## Exercise data:
+++++
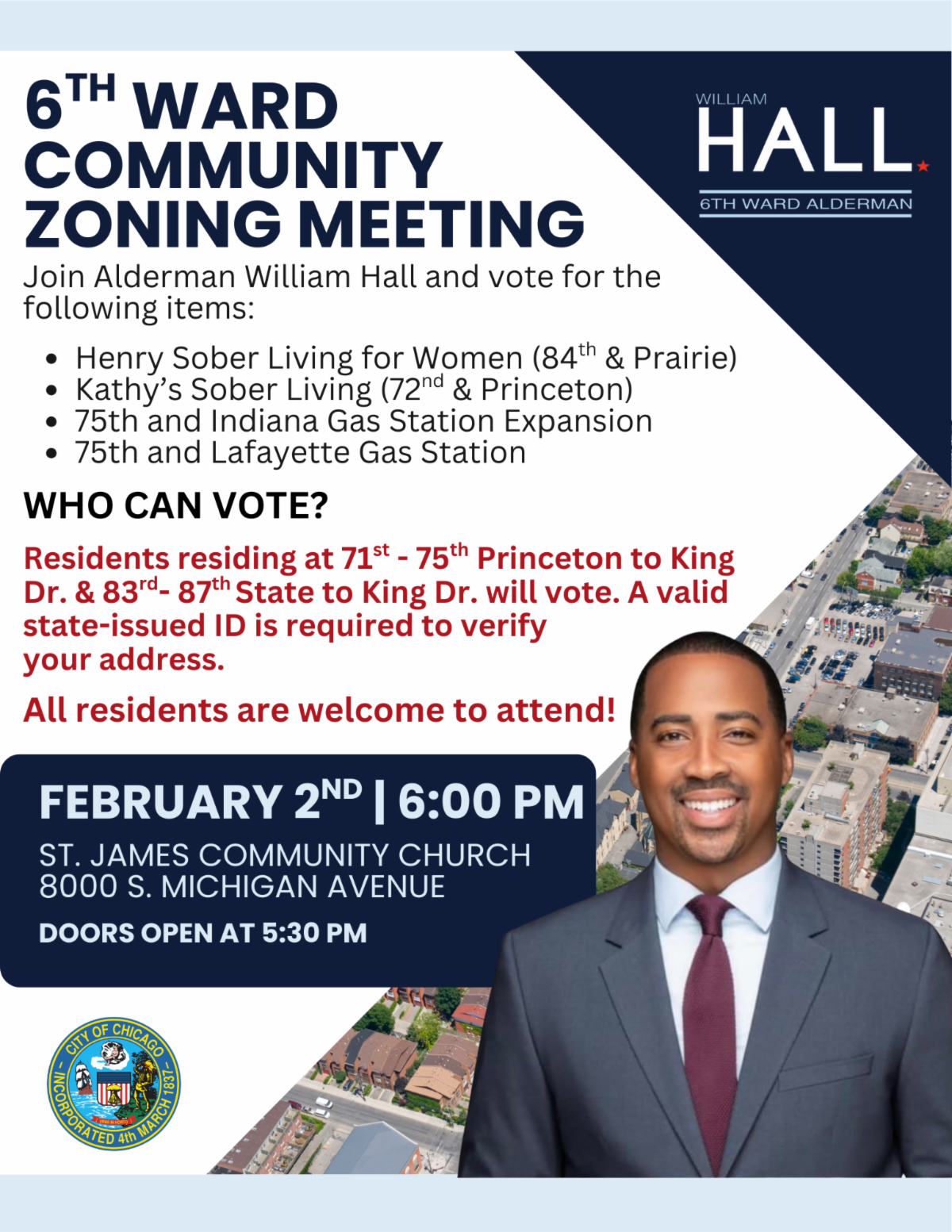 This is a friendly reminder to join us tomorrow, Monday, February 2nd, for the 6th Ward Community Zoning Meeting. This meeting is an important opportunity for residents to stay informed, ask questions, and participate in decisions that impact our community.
+++++
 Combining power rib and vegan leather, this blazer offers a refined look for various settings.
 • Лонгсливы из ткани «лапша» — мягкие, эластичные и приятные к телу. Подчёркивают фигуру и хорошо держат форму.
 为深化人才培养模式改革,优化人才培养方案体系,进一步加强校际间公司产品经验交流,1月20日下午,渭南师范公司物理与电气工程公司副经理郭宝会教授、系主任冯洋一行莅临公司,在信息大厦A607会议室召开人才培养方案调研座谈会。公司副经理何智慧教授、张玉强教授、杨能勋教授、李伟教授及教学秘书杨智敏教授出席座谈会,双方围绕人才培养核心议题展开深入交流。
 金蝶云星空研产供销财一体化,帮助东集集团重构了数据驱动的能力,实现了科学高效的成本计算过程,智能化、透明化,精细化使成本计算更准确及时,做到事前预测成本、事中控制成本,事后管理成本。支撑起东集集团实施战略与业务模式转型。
+++++
## Task statement:
Copy out only the lines above from the one with "Combining power rib" to the one with "金蝶云星空研产供销财一体化,帮助东集集团", inclusive, exactly as they stand.

## Output of the exercise:
 Combining power rib and vegan leather, this blazer offers a refined look for various settings.
 • Лонгсливы из ткани «лапша» — мягкие, эластичные и приятные к телу. Подчёркивают фигуру и хорошо держат форму.
 为深化人才培养模式改革,优化人才培养方案体系,进一步加强校际间公司产品经验交流,1月20日下午,渭南师范公司物理与电气工程公司副经理郭宝会教授、系主任冯洋一行莅临公司,在信息大厦A607会议室召开人才培养方案调研座谈会。公司副经理何智慧教授、张玉强教授、杨能勋教授、李伟教授及教学秘书杨智敏教授出席座谈会,双方围绕人才培养核心议题展开深入交流。
 金蝶云星空研产供销财一体化,帮助东集集团重构了数据驱动的能力,实现了科学高效的成本计算过程,智能化、透明化,精细化使成本计算更准确及时,做到事前预测成本、事中控制成本,事后管理成本。支撑起东集集团实施战略与业务模式转型。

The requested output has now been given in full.